First find the line with "Burgundy, FRANCE" in the entries below, then set down exactly every line through the line with "Nobel laureate Frank", that line included.

-- Records supplied follows --

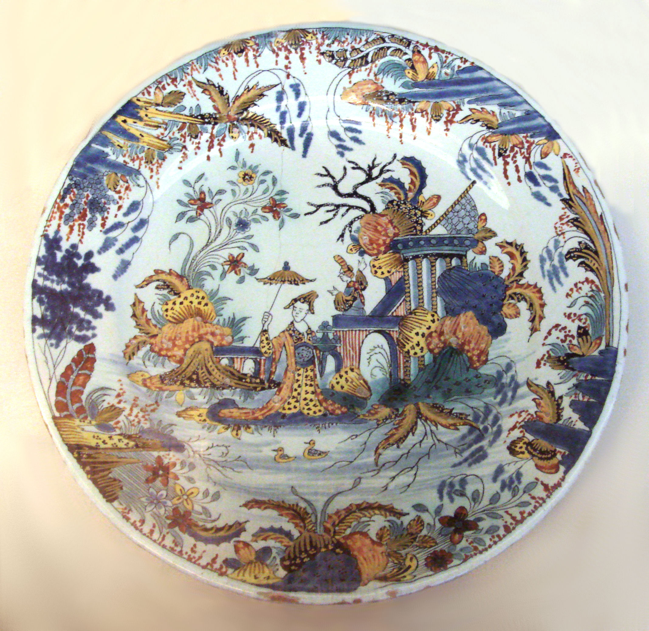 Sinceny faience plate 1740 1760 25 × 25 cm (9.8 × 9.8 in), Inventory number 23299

-- Records supplied concluded --
-- Records supplied follows --

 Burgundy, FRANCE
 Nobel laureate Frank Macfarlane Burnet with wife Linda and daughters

-- Records supplied concluded --

Answer for this exercise:
 Burgundy, FRANCE
 Nobel laureate Frank Macfarlane Burnet with wife Linda and daughters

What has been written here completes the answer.